3. Г. Сенкевич "Камо грядеши" Это была лучшая книга в моей жизни. Наряду с "Отверженными". В ней я нашла то, чего искала и не нашла в Библии. Это касается не каких-то определенных сцен или рассуждений, но невероятного, всепоглощающего чувства любви, добра, покоя, тихого счастья... Чувства такого невероятного, такого всеобъемлющего, пронизывающего насквозь до такой степени, что в какие-то моменты книгу приходилось откладывать, потому что слезы застилали всё. Даже сейчас пишу и рыдаю. Она стояла на полке года два, если не больше. Обычно я покупаю книгу и через какое-то время начинаю её читать. А "Камо грядеши" стояла, закрытая вдобавок фоторамкой, два года. Но встретились мы, я считаю, в правильный момент. Если бы я прочла её тогда, она, быть может, меня и заинтересовала, но не настолько. А сейчас, после исследования христианской мифологии, после наконец-таки заинтересованности самой религией, её сущностью, первоистоками, её догматами, после прочтения Библии, она стала для меня настоящей чашей, из которой я пила, пила и не могла напиться. Мне не хотелось ни смотреть футбол, ни чем-то заниматься - только читать и читать.
"Окружающие догадались, что меж двумя этими людьми что-то происходит, но смех замер на устах — в лице Хилона было что-то пугающее, оно было искажено такой тревогой, таким страданьем, как будто огненные языки жгли его собственное тело.

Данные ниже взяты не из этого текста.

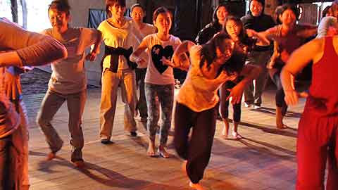 情熱を以て全身で表現し踊り指導するKelly。 |

Внезапно он зашатался и, простирая руки, вскричал страшным, режущим слух голосом: — Главк! Во имя Христа! Прости! Воцарилась тишина, дрожь пробежала по телам всех, и взоры невольно обратились вверх. А голова мученика слегка качнулась, и оттуда, с верхушки столба, послышался голос, похожий на стон: — Прощаю!"
4. А. Кристи "Таинственное происшествие в Стайлзе" 5. А. Кристи "Убийство на поле для гольфа" 6. А Кристи "Пуаро ведет следствие" 7. А.Кристи "Большая четверка" Решила взяться за Пуаро и прочесть все доступные для покупки книги. А то биографию писательницы читала, а ее произведений - с гулькин нос. Отличное чтиво на расслабиться и хорошо провести время. Пуаро душка, а вот Гастингс зачастую не вызывал ничего кроме раздражения. "Убийство на поле для гольфа" я читала из-под фейспалма, умоляя его думать головой, а не органом ниже. Заметила, что обычно кто больше всех рыдает, кричит или заламывает руки, тот и убийца. И не во всех книгах убийца тот, на кого меньше всего думаешь. В "Стайлзе", например, убийца как раз тот, на кого все и думали. А читатель, памятуя о привычной развязке, думает на всех остальных, тогда как все было у него под носом) Забавно. "Большая четверка" понравилась пока меньше остальных, просто потому, что я не люблю вещи, замешанные на политике.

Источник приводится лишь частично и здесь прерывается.